Lessons on Hope

Prim b&w

I have a lot to learn from my dog, Prim. I came to this realization not too long ago as came down the stairs to say goodbye to two children as they headed off to their Dad’s house. Prim was right in the mix of things, standing beside them, tail wagging, leaning in for last-minute hugs, and ready to sneak in the car as she realized they were leaving her. As the kids walked out the door Prim ran to her perch at the window – crying softly as she realized they were, in fact, leaving without her. After watching them slowly back out of the driveway, Prim took up her post by the front door – with a soft sigh, she lay down, stretched out – no doubt hoping for their quick return.

Prim has a lot of hope. Every night she sits quietly with her head in my lap under the dinner table throughout the meal, hoping I’ll sneak her scraps of the good stuff. Each time she returns from a trip outside she goes straight to the cabinet that holds her treats and sits patiently, hoping I’ll reward her. She often grabs her favorite toy and drops it at my feet, hoping I’ll play. She even lays down beside me and gently puts her paw on my hand in the hope I will rub her ears. My dog is full of hope and she has an enviable ability to hope patiently

This is what I need to learn from Prim – patient hope – the sit quietly and enjoy the wait kind of hope. Prim is a master at patient expectation, sitting and waiting for inevitable goodness she believes will come. It’s hard for me. I’m more of a “do” kind of gal. I like to always be in control, checking things off my list, and making things happen. I’m a type-A personality, for sure. So, when things seem to take too long or don’t come as I planned, I am prone to lose hope. I often become impatient, frustrated, and full of despair.

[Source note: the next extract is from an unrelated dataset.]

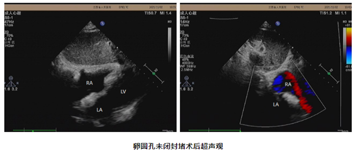 当患者经过一系列检查后,如果发现头痛头晕症状跟卵圆孔未闭有关,影响生活质量,卵圆孔未闭封堵术是治疗该病的很好方法。该方法是在局麻下,一般通过股静脉穿刺,导管进入右心房,用封堵器封堵卵圆孔。该手术具有避免开胸、创伤小、手术时间短,恢复快等优点。超声心动图可在术中监测、术后评价治疗效果以及术后随访等方面发挥重要作用。

Over the past year, I’ve lost hope. Social distancing, an increasing death toll, and a divided nation all fuse to make hope a scarce resource – at least for me. As I journey through this season of Lent, this time of being in the wilderness, I’ve decided to take a lesson from my dog Prim and put down despair and, at least try, to pick up hope. I’m striving to learn from her how to sit patiently and hopefully in the liminal space of waiting.

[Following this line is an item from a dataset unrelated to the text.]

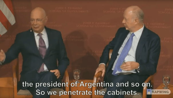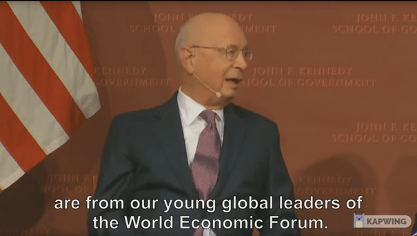 I denna video säger Klaus Schwab att: ”Vi går in i de globala regeringarna med våra unga globala ledare”, som har utbildats vid:
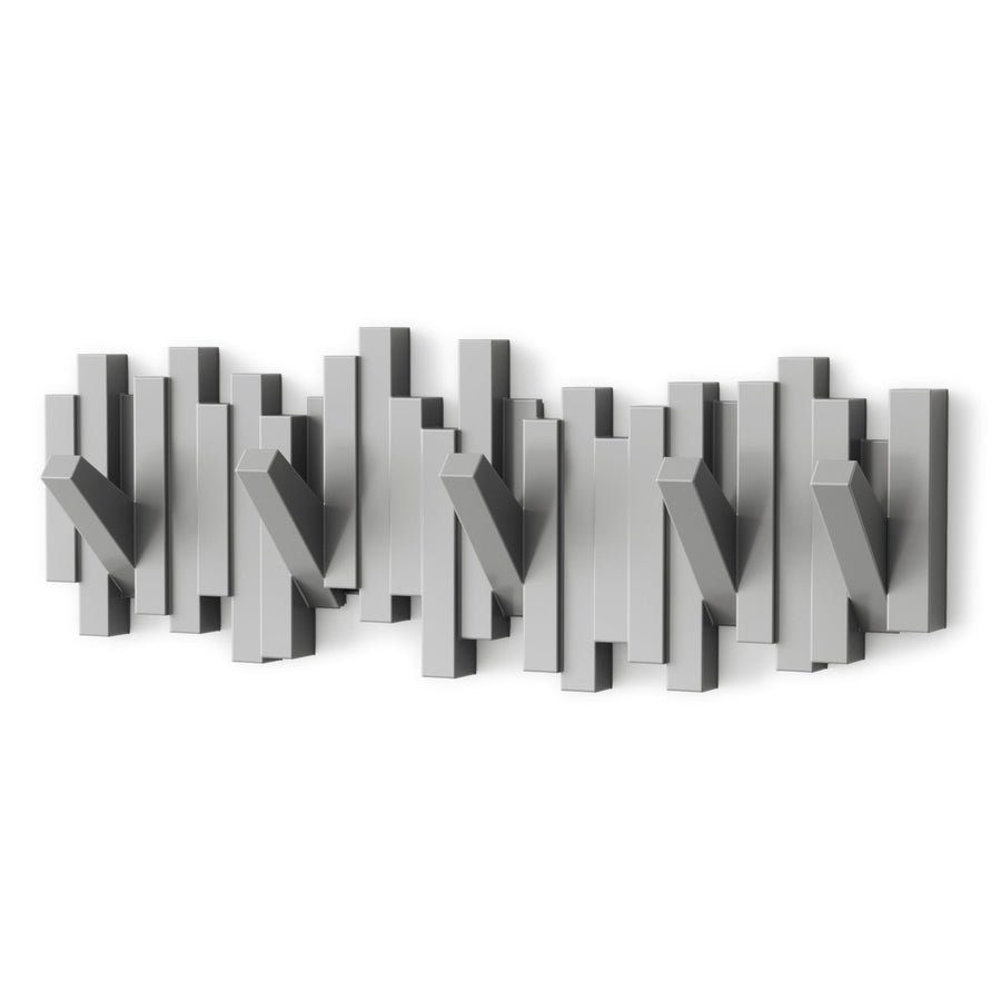 - Original Coat Hooks – Sticks Wall-Mounted Coat Rack Rail Hook with 5 Retractable Pegs – Modern, Space-Saving Storage Organizer, Grey by Umbra

Not so for my dog, Prim. Every day she hopes. And I learn lessons on hope.

  • Do you hope? 
  • What or who gives you hope? 
  • What are some ways we can provide hope for others?

Holy God, you know I am prone to despair and impatience often becoming frustrated when things do not happen as quickly as I would like. Help me to hope for what I can’t yet see and learn patient hope. Amen.